### TASK ITEM
Reproduce the whole listing exactly, omitting any picture it holds.

### RECORDED DATA

━━━━━━━━━━━━━━━━

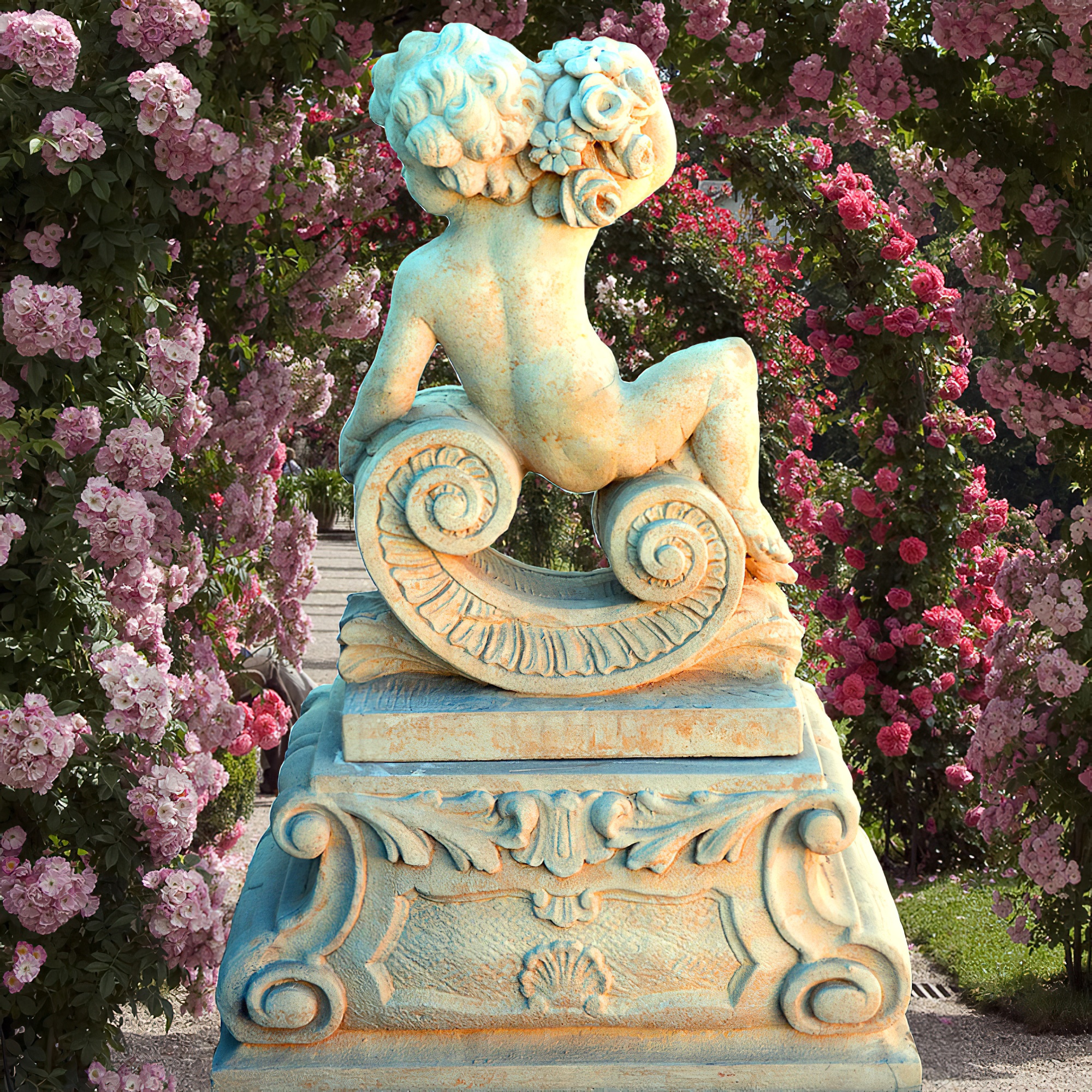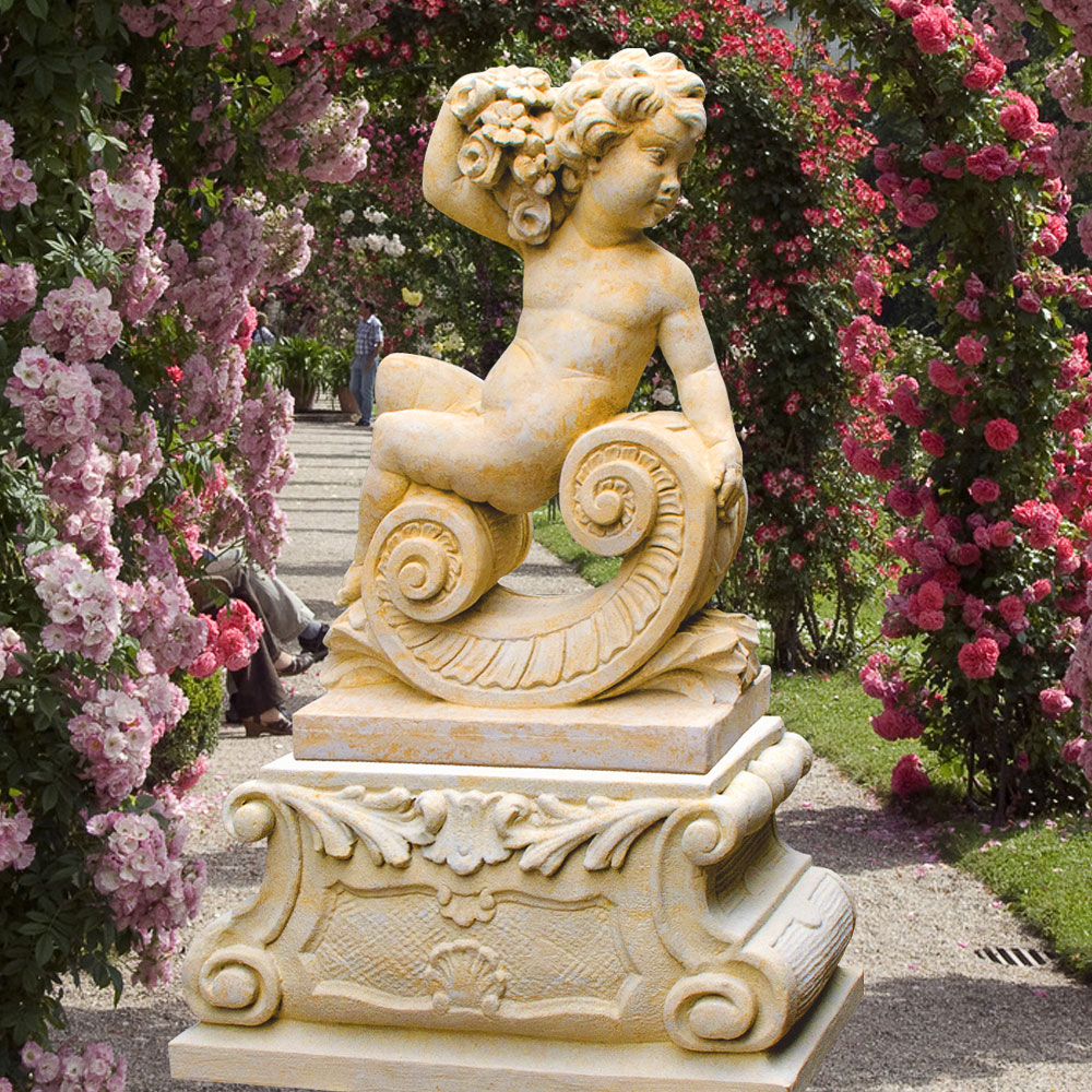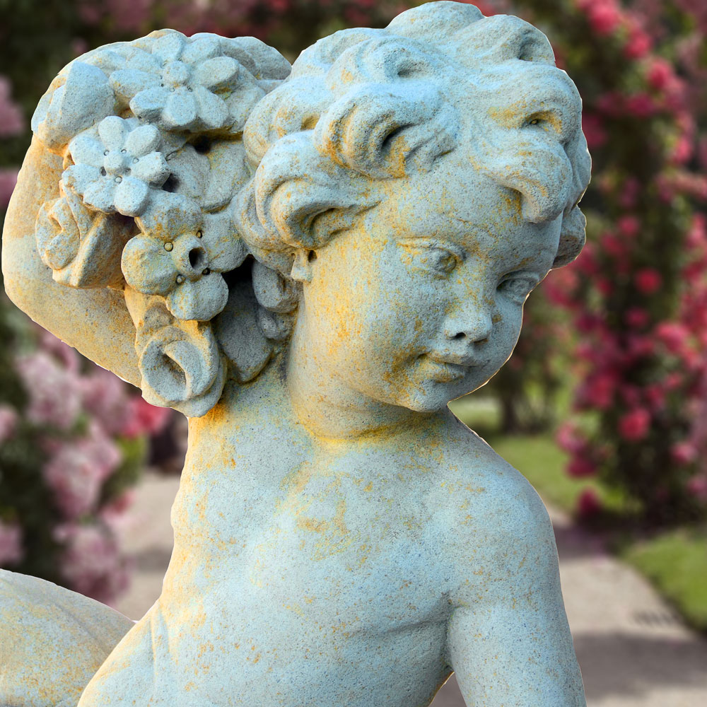 Große Barock Gartenskulptur Putte - Zechiel / Portland weiß / Ohne Sockel
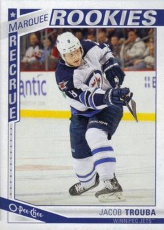 The Jacob Trouba 2013 Upper Deck #622 2013 O-Pee-Chee Update Rookie card is 1 of 19 Jacob Trouba's card variations in the 2013 Upper Deck set being tracked by Sports Card Investor, including Young Guns Base, Young Guns Canvas, Young Guns - Acetate, Young Guns - Jumbo, and Young Guns - UD Exclusives /100.
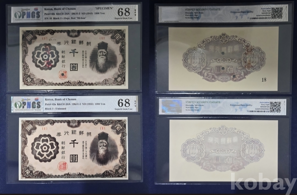 ☆정말 귀한 조선은행권 미발행 갑천원 2종☆ (참고품)

━━━━━━━━━━━━━━━━

### EXERCISE OUTPUT
 Große Barock Gartenskulptur Putte - Zechiel / Portland weiß / Ohne Sockel
 The Jacob Trouba 2013 Upper Deck #622 2013 O-Pee-Chee Update Rookie card is 1 of 19 Jacob Trouba's card variations in the 2013 Upper Deck set being tracked by Sports Card Investor, including Young Guns Base, Young Guns Canvas, Young Guns - Acetate, Young Guns - Jumbo, and Young Guns - UD Exclusives /100.
 ☆정말 귀한 조선은행권 미발행 갑천원 2종☆ (참고품)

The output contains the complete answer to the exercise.